EDIT : actually the symmetry of this integral is part from my problem. My final goal is to compute this integral :
$$PV. \left( \int_{0}^{\infty} \frac{e^{-a^2(k-q)^2} \; k\; dk}{k_0^2-k^2} -\int_{0}^{\infty} \frac{e^{-a^2(k+q)^2} \; k\; dk}{k_0^2-k^2}\right) $$
If i'm not wrong, with $k\to -k$ in second integral we get that
$$PV. \left( \int_{-\infty}^{\infty} \frac{e^{-a^2(k-q)^2} \; k\;dk}{k_0^2-k^2} \right) $$
Then by taking $k\to k+k_0$, we finally have
$$ - PV. \left( \int_{-\infty}^{\infty} \frac{e^{-a^2(k-q)^2} \;dk}{k+2k_0} + k_0 \int_{-\infty}^{\infty} \frac{e^{-a^2(k-q)^2} \;dk}{k(k+2k_0)} \right) $$
which I do not know how to handle. These seem to be closely related to these Goodwin-Staton integrals / Dawson functions... But.
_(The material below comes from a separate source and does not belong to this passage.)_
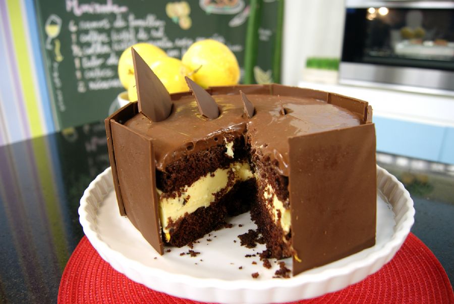 Para decoração, derreta o chocolate e espalhe sobre uma folha de papel manteiga. Leve para geladeira por pouco tempo para não ficar quebradiça. Retire da geladeira, corte a placa de chocolate no formato desejado e reserve até o momento de decorar o bolo. Desenforme o bolo, retire o acetato e decore com as placas de chocolate.

Meh
I think Wikipedia is wrong. The integral does not converge for $x<0, $ try e.g.
int(e^(-t^2)/(t-2),t=0..infinity)in Wolfram Alpha. It can be interpreted as a Cauchy principle value (see Nico Temme's answer http://mathforum.org/kb/message.jspa?messageID=7389647). I use $$G(-x) = - \frac{1}{2} e^{-x^2}\left(\pi\; \mathrm{erfi}(x) + \mathrm{Ei}(x^2)\right), \quad x>0$$ or $$G(-x) = \sqrt{\pi} F(-x) - \frac{1}{2} e^{-x^2}\mathrm{Ei}(x^2), \quad x>0.$$ i.e. http://dlmf.nist.gov/7.5.E13 extended to negative $x$ (with the Dawson integral $F$ and exponential integral $\mathrm{Ei}$). The Dawson integral is odd, and therefore $G(x)$ is not odd.